(DATA)
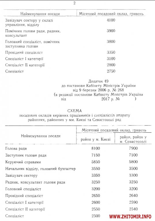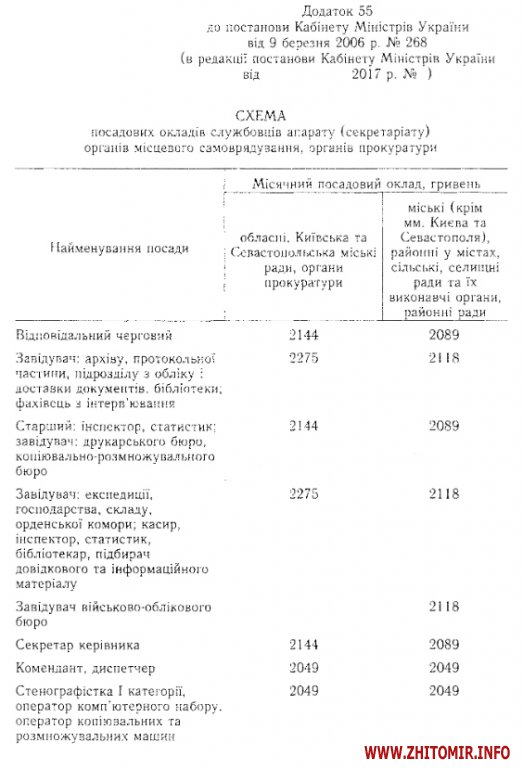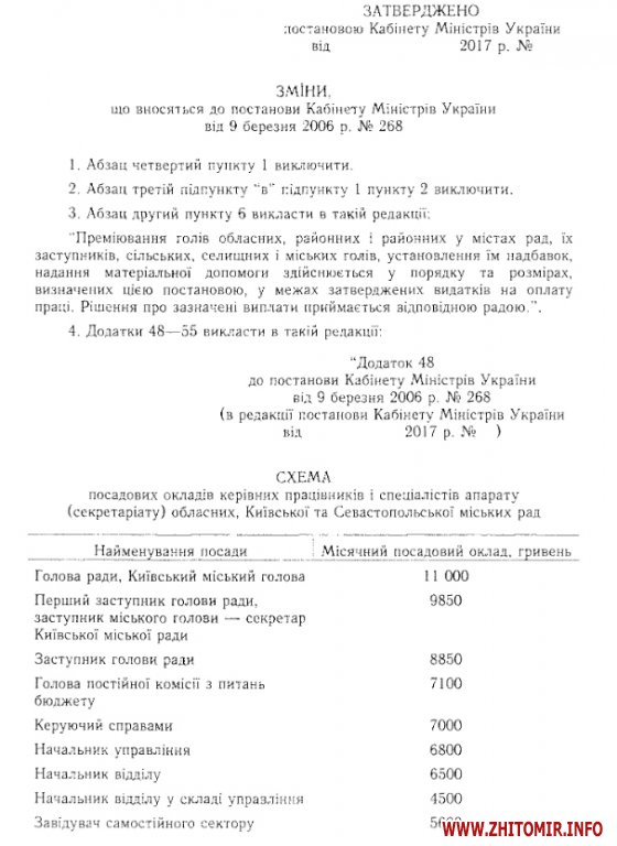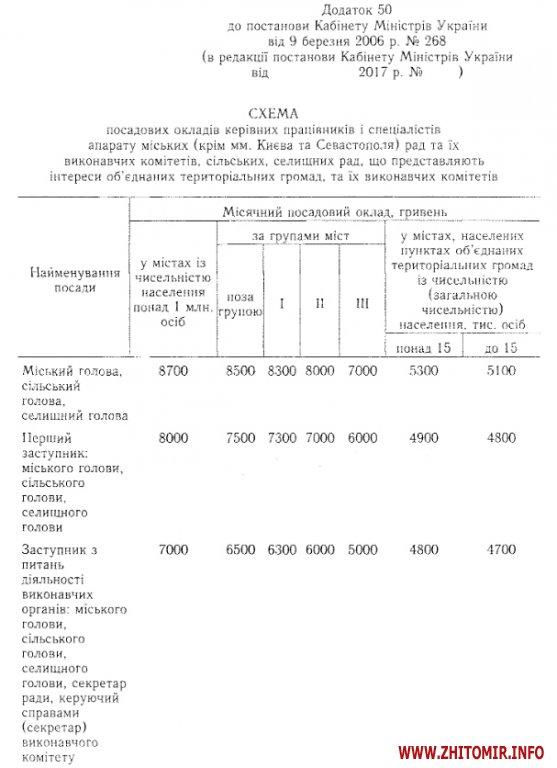 На засіданні 24 травня 2017 року Кабінет Міністрів України схвалив зміни до постанови Уряду від 09.03.2016 р. № 268 «Про упорядкування структури та умов оплати праці працівників апарату органів виконавчої влади, органів прокуратури, судів та інших органів», якими істотно підвищено посадові оклади посадових осіб місцевого самоврядування.
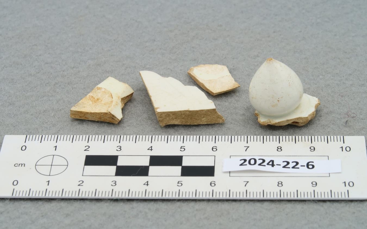 Fjögur hvít leirkersbrot með hvítum glerungi. Sennilega úr sama íláti. Eitt brotið gæti verið hald á t.d. teketilsloki.
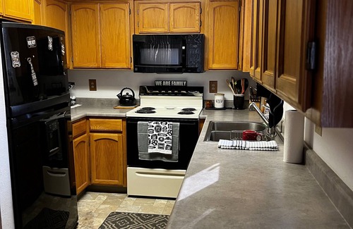 This is a 2 bedroom/2 bath home but also offers a futon in the game room for sleeping as well as a queen size air mattress if needed! In addition a sleeping cabin has been added outside with a queen bedand twin trundle to hold an additional 1-3 guests. Cute and comfortable there is a 6 person dining table as well as seats at the counter. Full kitchen with coffee station (kurig) and outdoor dining table as well in summer months. Great wifi service and tv with unlimited viewing options.
(End DATA)
TASK DESCRIPTION
Starting at the line that contains "Fjögur hvít leirkersbrot" and ending with the last line of the data, transcribe every line exactly; skip the pictures.

ANSWER BOX
 Fjögur hvít leirkersbrot með hvítum glerungi. Sennilega úr sama íláti. Eitt brotið gæti verið hald á t.d. teketilsloki.
 This is a 2 bedroom/2 bath home but also offers a futon in the game room for sleeping as well as a queen size air mattress if needed! In addition a sleeping cabin has been added outside with a queen bedand twin trundle to hold an additional 1-3 guests. Cute and comfortable there is a 6 person dining table as well as seats at the counter. Full kitchen with coffee station (kurig) and outdoor dining table as well in summer months. Great wifi service and tv with unlimited viewing options.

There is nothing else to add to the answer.